Exercise instructions> Your task is to copy exactly the lines from the line containing "Lonchera con interior" through the end of the listing below, with pictures left out.

Supplied material>

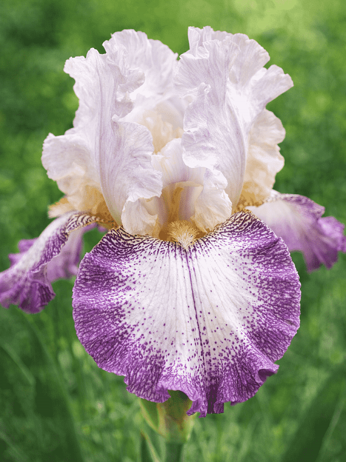 Ирис германский lucky locket - это изысканное растение с кремово-белыми цветками, украшенными фиолетовым оттенком. Его высота достигает до 60 см, а размер цветка может достигать до 15 см. Летом листва приобретает светло-зеленый оттенок, создавая яркий контраст с цветами. Этот ирис предпочитает солнечные места и подходит для групповых и одиночных посадок в саду.
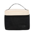 Lonchera con interior metalizado, cierre, etiqueta de curpiel y asa superior.
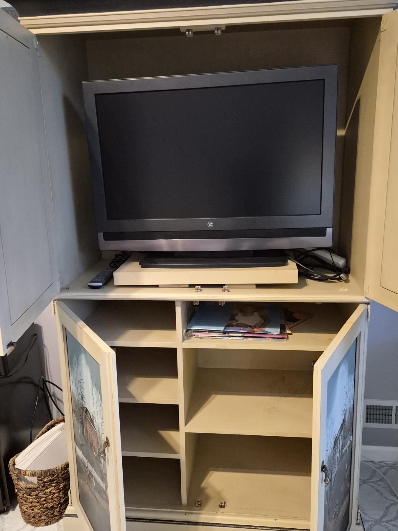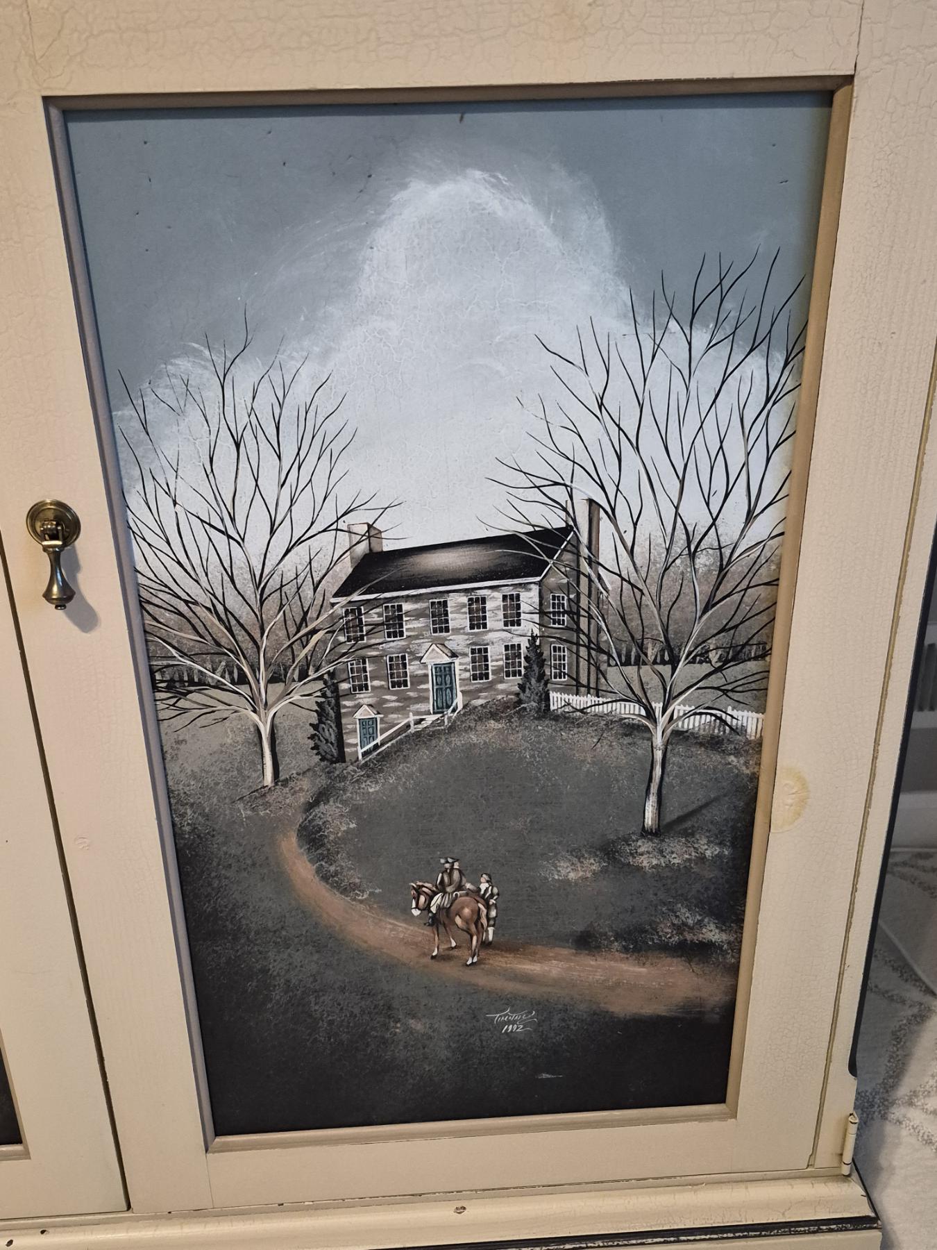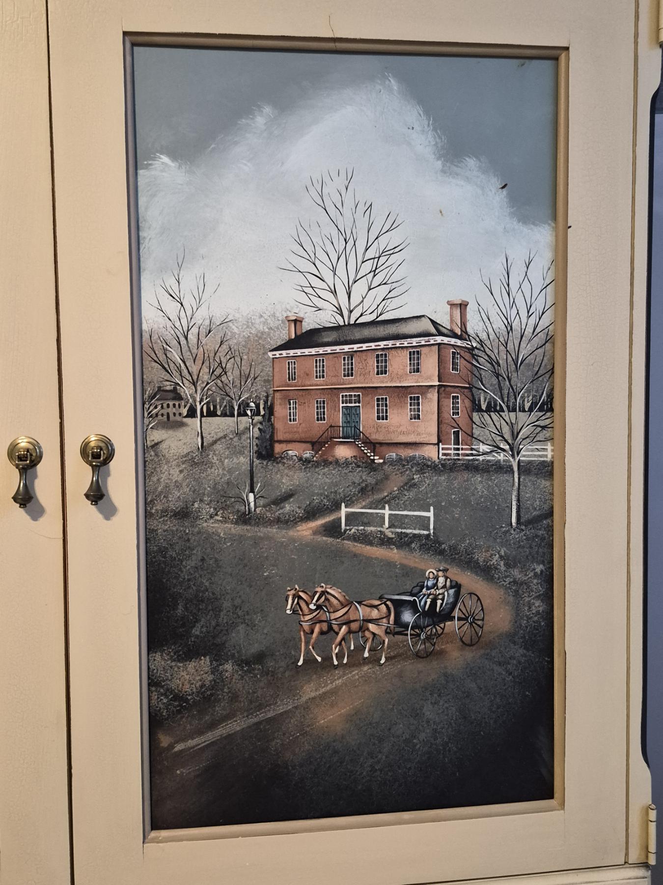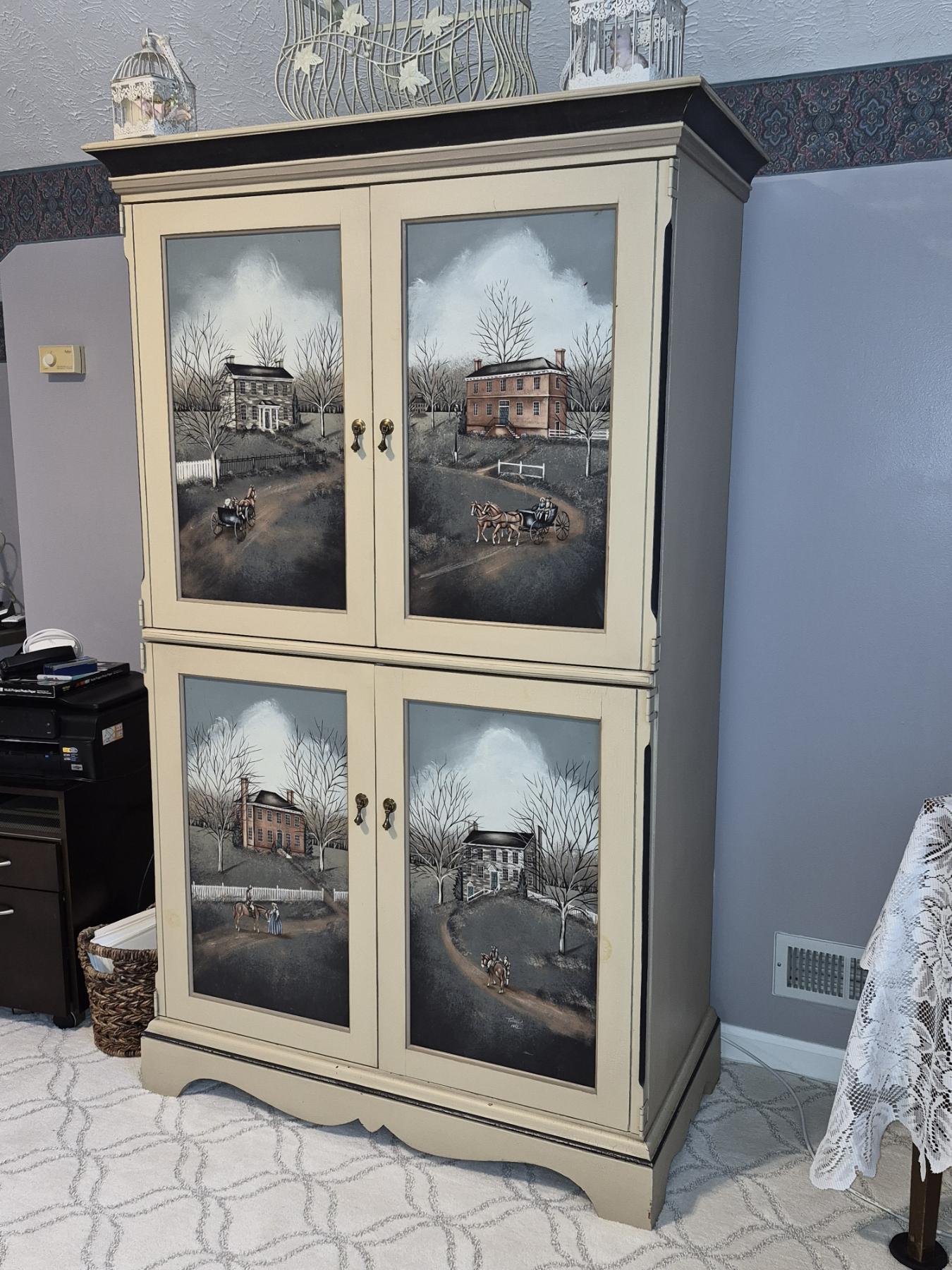 PICKUP IN NORTHFIELD - Exceptional Country Themed Folk Art Painted Cabinet Measures 72" x 40" x 20" Pristine condition - See Pics - (All Items noting "Pickup In Northfield" will be available the following Saturday after this auction ends. Other items in this auction will be available at our Louisville Office. Winners of Northfield items will be notified with the address and times, after the auction closes.)

Answer for this exercise>
 Lonchera con interior metalizado, cierre, etiqueta de curpiel y asa superior.
 PICKUP IN NORTHFIELD - Exceptional Country Themed Folk Art Painted Cabinet Measures 72" x 40" x 20" Pristine condition - See Pics - (All Items noting "Pickup In Northfield" will be available the following Saturday after this auction ends. Other items in this auction will be available at our Louisville Office. Winners of Northfield items will be notified with the address and times, after the auction closes.)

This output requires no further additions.